EXERCISE PROMPT: Give back, unaltered, the lines from the one with "为庆祝建党100周年,在广大" to the end of the material, omitting pictures.

INFORMATION SUPPLIED:
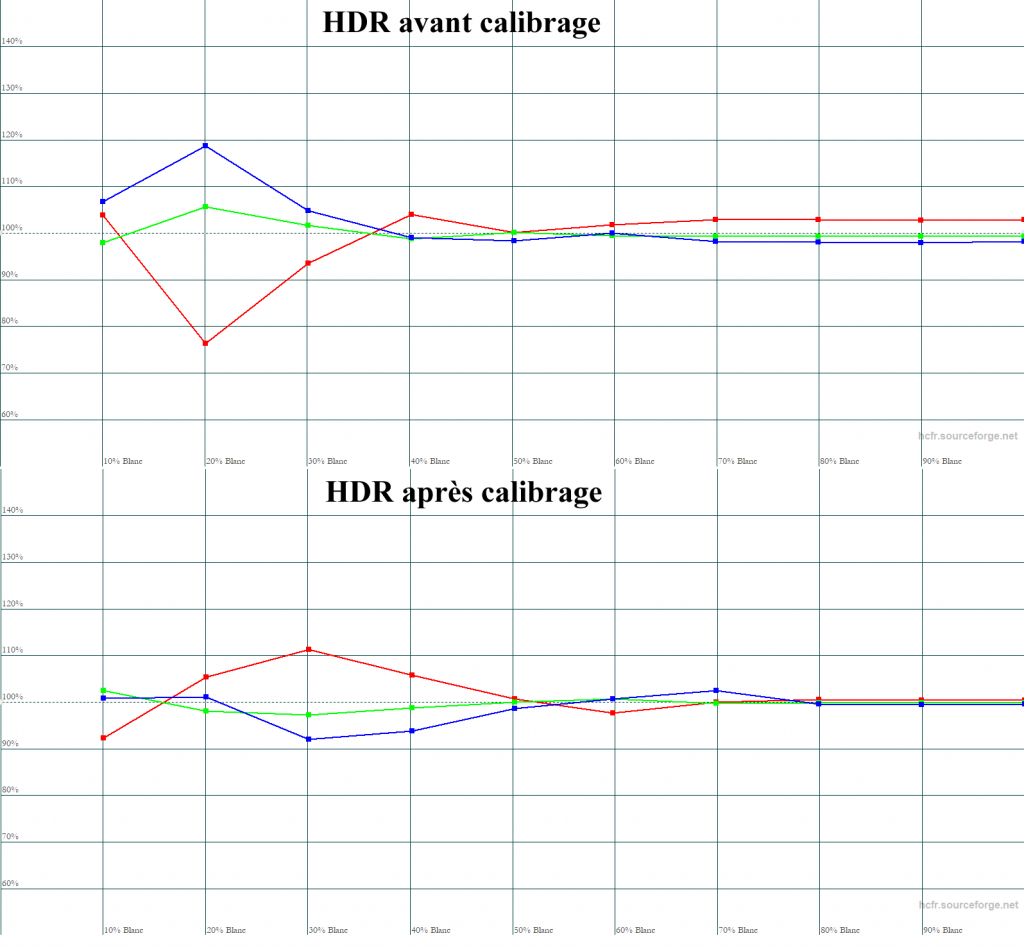 Pour le HDR, avant calibrage la balance des blancs n’était pas trop mal avec un Delta E moy à 1,3, mais un gros manque de luminosité avec seulement 79 nits en pic (100 nits minimum pour le HDR). Il fallait donc augmenter la lampe au maximum. Cependant les bancs sont brûlés dans la courbe de luminance est à revoir.
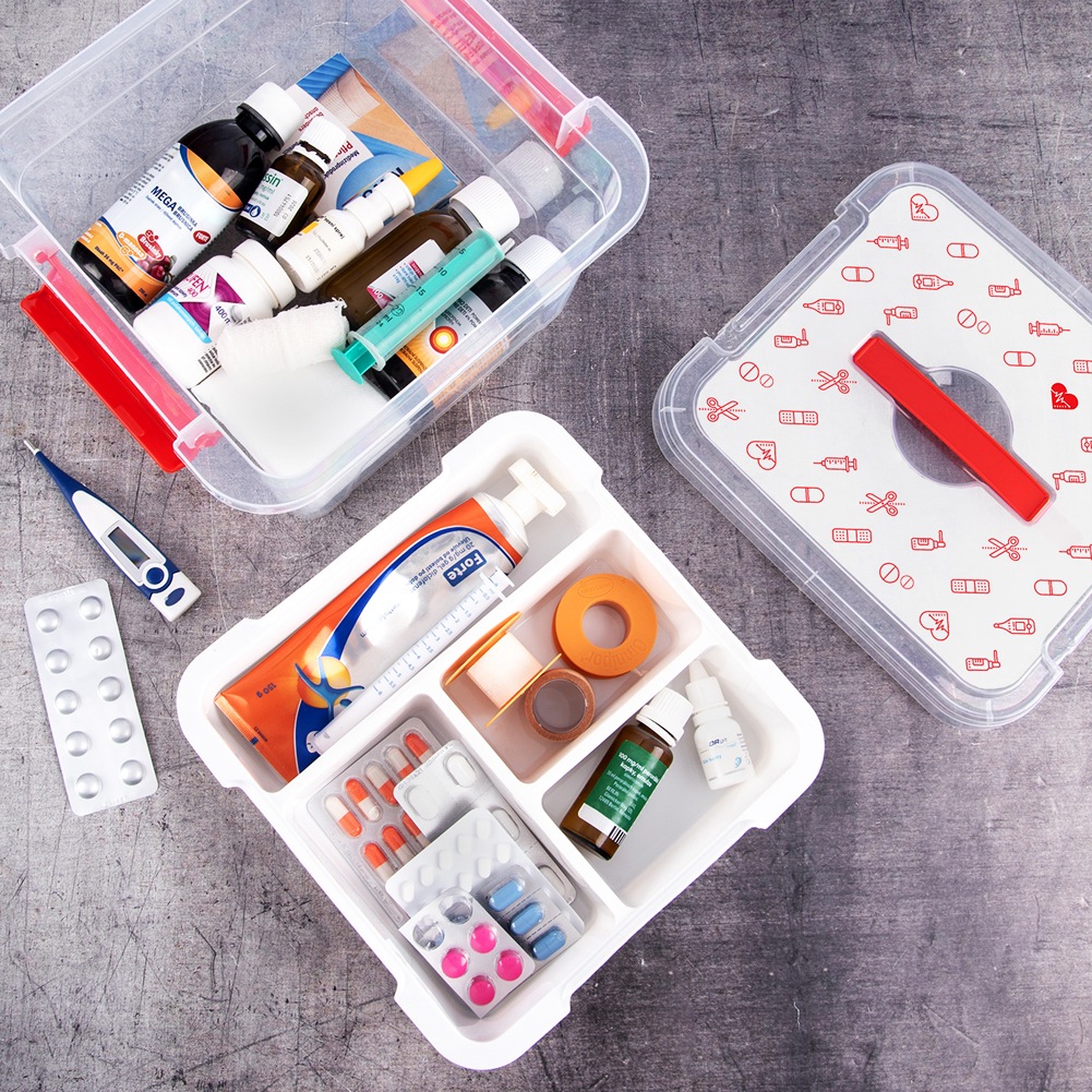 - Praktyczna organizacja domowej apteczki - Duża pojemność pojemnika pomieści całą domową apteczkę, a specjalny organizer z przegródkami w górnej części umożliwia przejrzyste i funkcjonalne posegregowanie leków, buteleczek, opakowań i drobnych akcesoriów.
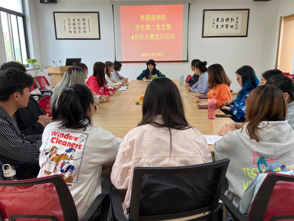 为庆祝建党100周年,在广大党员中大力弘扬爱国主义精神,增强党史、国史教育,学习先进党员事迹、精神,响应国家号召,4月28日中午12:00,外国语学院学生第二党支部在一号楼206会议室召开4月份主题党日活动,学生大二党支部书记邢璐欣同志主持本次会议,会议主要围绕“学百年党史”,举办“我为优秀共产党员代言”活动。深入了解学习党员的光辉事迹,学习优良精神。
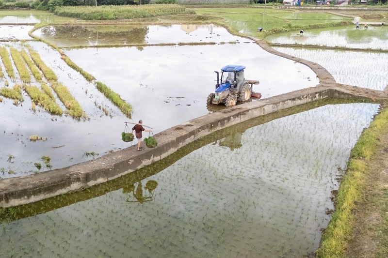 7月21日,農(nóng)民在湖南省婁底市婁星區(qū)杉山鎮(zhèn)杉山村的田間挑運(yùn)晚稻秧苗(無人機(jī)照片)。

RESULT FOR THIS EXERCISE:
 为庆祝建党100周年,在广大党员中大力弘扬爱国主义精神,增强党史、国史教育,学习先进党员事迹、精神,响应国家号召,4月28日中午12:00,外国语学院学生第二党支部在一号楼206会议室召开4月份主题党日活动,学生大二党支部书记邢璐欣同志主持本次会议,会议主要围绕“学百年党史”,举办“我为优秀共产党员代言”活动。深入了解学习党员的光辉事迹,学习优良精神。
 7月21日,農(nóng)民在湖南省婁底市婁星區(qū)杉山鎮(zhèn)杉山村的田間挑運(yùn)晚稻秧苗(無人機(jī)照片)。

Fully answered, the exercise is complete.